INFORMATION PROVIDED section start

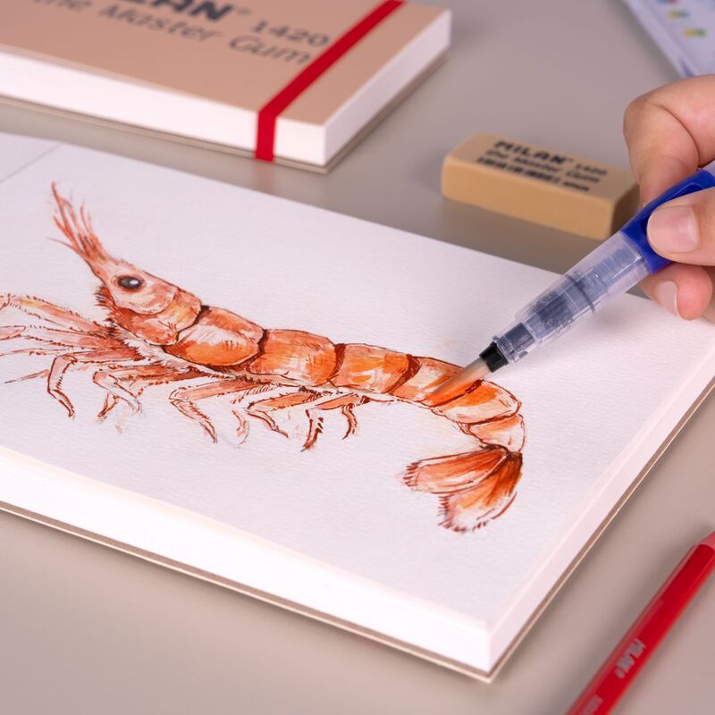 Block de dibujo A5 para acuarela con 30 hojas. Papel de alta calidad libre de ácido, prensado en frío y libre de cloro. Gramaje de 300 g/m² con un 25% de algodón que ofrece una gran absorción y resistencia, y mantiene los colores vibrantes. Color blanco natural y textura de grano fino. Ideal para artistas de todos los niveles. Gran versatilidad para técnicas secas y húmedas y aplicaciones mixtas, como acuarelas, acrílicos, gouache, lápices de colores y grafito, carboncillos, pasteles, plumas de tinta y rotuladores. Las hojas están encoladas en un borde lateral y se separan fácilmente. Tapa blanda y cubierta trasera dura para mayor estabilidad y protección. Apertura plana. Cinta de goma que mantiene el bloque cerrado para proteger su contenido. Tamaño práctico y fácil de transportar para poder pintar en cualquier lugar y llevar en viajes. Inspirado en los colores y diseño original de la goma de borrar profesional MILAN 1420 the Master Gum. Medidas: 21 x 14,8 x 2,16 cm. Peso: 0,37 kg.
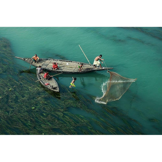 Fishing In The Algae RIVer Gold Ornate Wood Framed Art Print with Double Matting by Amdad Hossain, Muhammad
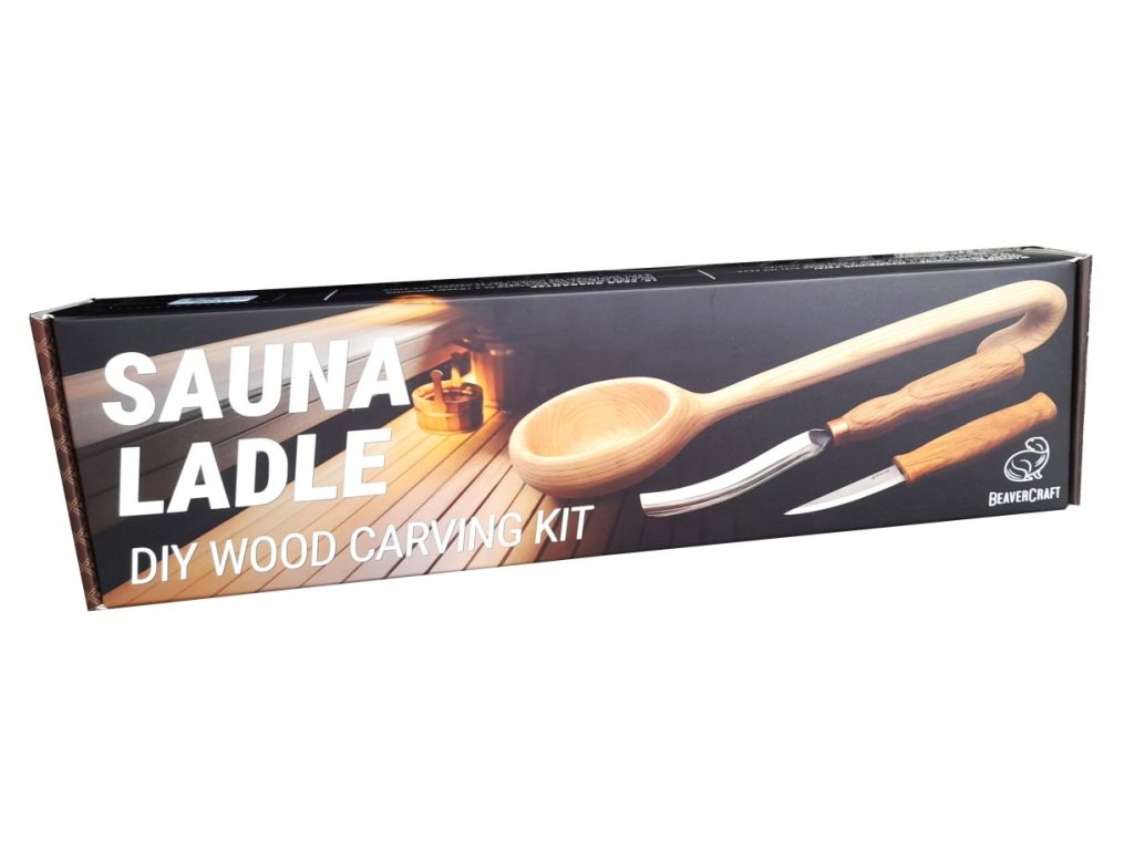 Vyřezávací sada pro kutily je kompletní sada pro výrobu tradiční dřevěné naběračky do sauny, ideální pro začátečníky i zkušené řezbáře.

INFORMATION PROVIDED section end

| ASSIGNMENT |
The task requires the full listing to be given again verbatim, without its pictures.

| EXERCISE ANSWER |
 Block de dibujo A5 para acuarela con 30 hojas. Papel de alta calidad libre de ácido, prensado en frío y libre de cloro. Gramaje de 300 g/m² con un 25% de algodón que ofrece una gran absorción y resistencia, y mantiene los colores vibrantes. Color blanco natural y textura de grano fino. Ideal para artistas de todos los niveles. Gran versatilidad para técnicas secas y húmedas y aplicaciones mixtas, como acuarelas, acrílicos, gouache, lápices de colores y grafito, carboncillos, pasteles, plumas de tinta y rotuladores. Las hojas están encoladas en un borde lateral y se separan fácilmente. Tapa blanda y cubierta trasera dura para mayor estabilidad y protección. Apertura plana. Cinta de goma que mantiene el bloque cerrado para proteger su contenido. Tamaño práctico y fácil de transportar para poder pintar en cualquier lugar y llevar en viajes. Inspirado en los colores y diseño original de la goma de borrar profesional MILAN 1420 the Master Gum. Medidas: 21 x 14,8 x 2,16 cm. Peso: 0,37 kg.
 Fishing In The Algae RIVer Gold Ornate Wood Framed Art Print with Double Matting by Amdad Hossain, Muhammad
 Vyřezávací sada pro kutily je kompletní sada pro výrobu tradiční dřevěné naběračky do sauny, ideální pro začátečníky i zkušené řezbáře.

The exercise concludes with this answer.